I have a solid mahogany front door and want to draught proof it. I have seen and heard about brush strips. You have to router a trench around the door and fit the brush strip.

Are they any good? Expensive?


----------



## Buildright (26 Jan 2010)

Generally if you have a lot of cold air been drawn in under your front door, it is due to leaks in the top half of the building. When air is heated it rises and exerts pressure on the upper half of the house, a good analogy is a hot air baloon. Fireplaces also heat air which rushes up the chimney creating negative pressure at low level which induces cold air in at floor level. The best method of draft sealing a front door is to deal with the chimney and the leaks in the upper floor, then get one of those snake shaped cushions to put inside the door.


----------



## Just the One (26 Jan 2010)

I have one of the snakes at the door but there are some gaps around the perimeter of the door.


----------



## onq (26 Jan 2010)

Just the One said:


> I have a solid mahogany front door and want to draught proof it. I have seen and heard about brush strips. You have to router a trench around the door and fit the brush strip.
> 
> Are they any good? Expensive?



There used to be stick on strips - I don't know where the requirement to router them comes from. They were of limited use.
In an older property you get leaks from four main sources in decreasing order of strength, but not total capacity.

The back door is open
One or more open windows.
An open chimney in the living room
Permanent vents in every other habitable room
The best method of draught-proofing a front door is to build an enclosed front porch with a well sealed door - under 2.0 sqm its exempted development.
It tends to act like an airlock preventing large air movements if opening one door at a time and with both closed its a perfect seal.
Be careful of the "tall windows" doors with the 3"/75mm bottom frame - a trip hazard even for able bodied younger people.
Be careful of the "fall" on your existing step in case your door fouls it if opening inwards - use rising butt hinges.
Part M  of the building regulations requires that door thresholds should be no more than 15mm high.

HTH

ONQ


----------



## suzie (26 Jan 2010)

I'd like to seal my front door by building a front porch with a sealed door. Now the house already has a sort of "opened" entrance porch or canopy before getting to the front door. Other houses in the estate have just enclosed this opening with a pvc framed door etc to the outer most edge. Though as things currently stand one would still have to step up into this newly enclosed porch by more than 15mm (id say 80mm). This is the current rise of the step. Would this break any regulations?

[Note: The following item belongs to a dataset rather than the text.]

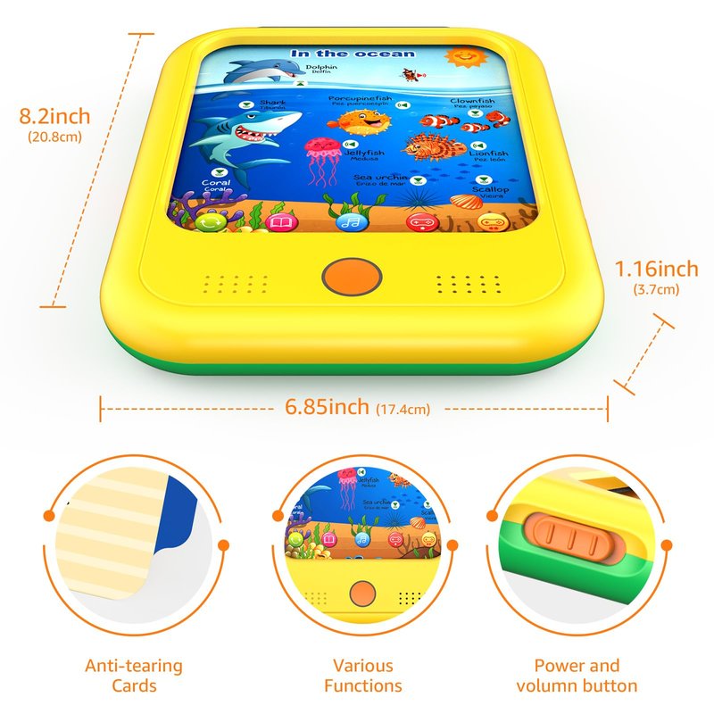 - 【5 Learning Modes】Word Learning-helping the little one develop foundational skills such as language, vocabulary, listening, and pronunciation; Language Switch-enhancing children’s bilingual ability and language communication skills; Amazing Sounds-Explore various interesting sounds and fun facts around the world; Basic and Advanced Quizzes-Interactive games to increase children's engagement and enjoyment in learning.

Secondly, the depth of this porch area isnt sufficient to allow for an inward opening door, which would be idea, so I guess the only other options would be an outward or a sliding door? 

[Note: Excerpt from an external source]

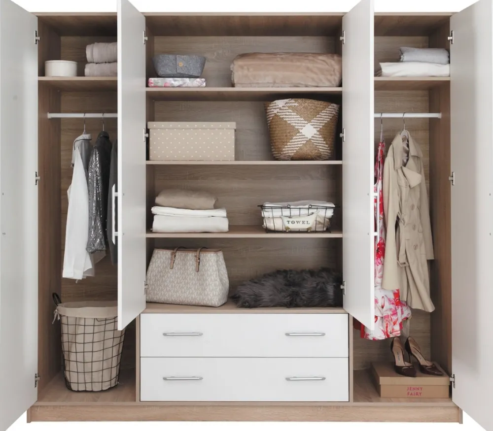 - 4-drzwiowa szafa do sypialni – doskonała do przechowywania odzieży i dodatków

I know it would be more costly but could one extend the area with what I'll call a u shape shell and then to rebuild the roof accordingly?

Thanks 
S.


----------



## D8Lady (26 Jan 2010)

If you just want it as a winter measure, get an oversized heavy curtain ( on sale now)  and one of those self supported shower curtains across the inside of the door. Keeps the drafts out very well. 
Makes a 3 degree difference in heat in my hallway.


----------



## onq (27 Jan 2010)

suzie said:


> I'd like to seal my front door by building a front porch with a sealed door. Now the house already has a sort of "opened" entrance porch or canopy before getting to the front door. Other houses in the estate have just enclosed this opening with a pvc framed door etc to the outer most edge. Though as things currently stand one would still have to step up into this newly enclosed porch by more than 15mm (id say 80mm). This is the current rise of the step. Would this break any regulations?
> 
> Secondly, the depth of this porch area isnt sufficient to allow for an inward opening door, which would be idea, so I guess the only other options would be an outward or a sliding door?
> 
> ...



Hi Suzie,

Sorry I wasn't any clearer.

The 80mm step is probably fine the way it is, the aim is to try and not create a trip hazard.
I nearly went flying after a client had a new porch fitted and the general issue is not to create a trip hazard on a fire escape route.
The 15mm quoted in Part M is an already defined compliant detail.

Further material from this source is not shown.